Tag Archives: biosensor

Nano-Bio Manufacturing Consortium’s request for proposals (RFPs) on human performance monitoring platforms

The requested human performance monitor platform RFPs are for a US Air Force Research Laboratory (AFRL) project being managed by the Nano-Bio Manufacturing Consortium (NBMC), according to a July 17, 2013 news item on Nanowerk,

The Nano-Bio Manufacturing Consortium (NBMC) has released its first Request for Proposals (RFP) focused on developing a technology platform for Human Performance Monitors for military and civilian personnel in high stress situations such as pilots, special operations personnel, firefighters, and trauma care providers. Organized by FlexTech Alliance under a grant from the U.S. Air Force Research Laboratory (AFRL) the RFP comes only 3 month since the group officially formed its technical and leadership teams. The consortium members, working with AFRL, issued this RFP to focus on component development and integration for a lightweight, low-cost, conformal and wearable patch.

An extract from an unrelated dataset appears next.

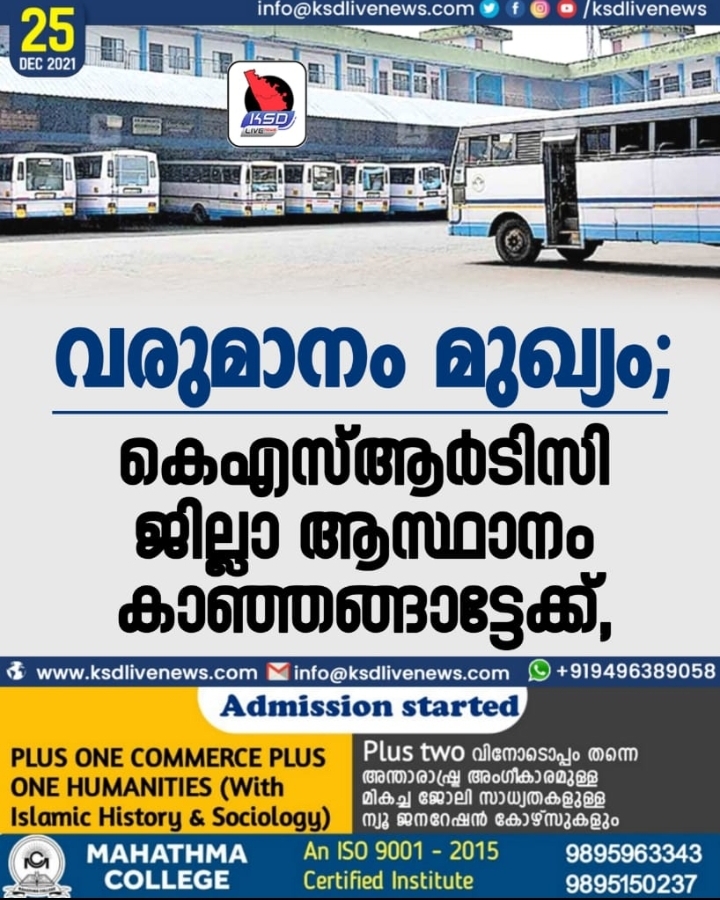 വരുമാനം മുഖ്യം; കെഎസ്ആർടിസി ജില്ലാ ആസ്ഥാനം കാഞ്ഞങ്ങാട്ടേക്ക്,

The July 17, 2013 NBMC news release, which originated the news item, offers more about this patch/monitor,

The heart of this new patch will be a biosensor device to measure chemicals, called biomarkers, in human sweat.  These biomarkers can provide early warnings of performance issues such as stress, fatigue, vigilance or organ damage.  The platform will contain the sensor, a microfluidic system that delivers sweat to the sensor, printed and hybrid control electronics, interconnects, a power supply, wireless communication, and software – all on a flexible substrate that is comfortable to wear.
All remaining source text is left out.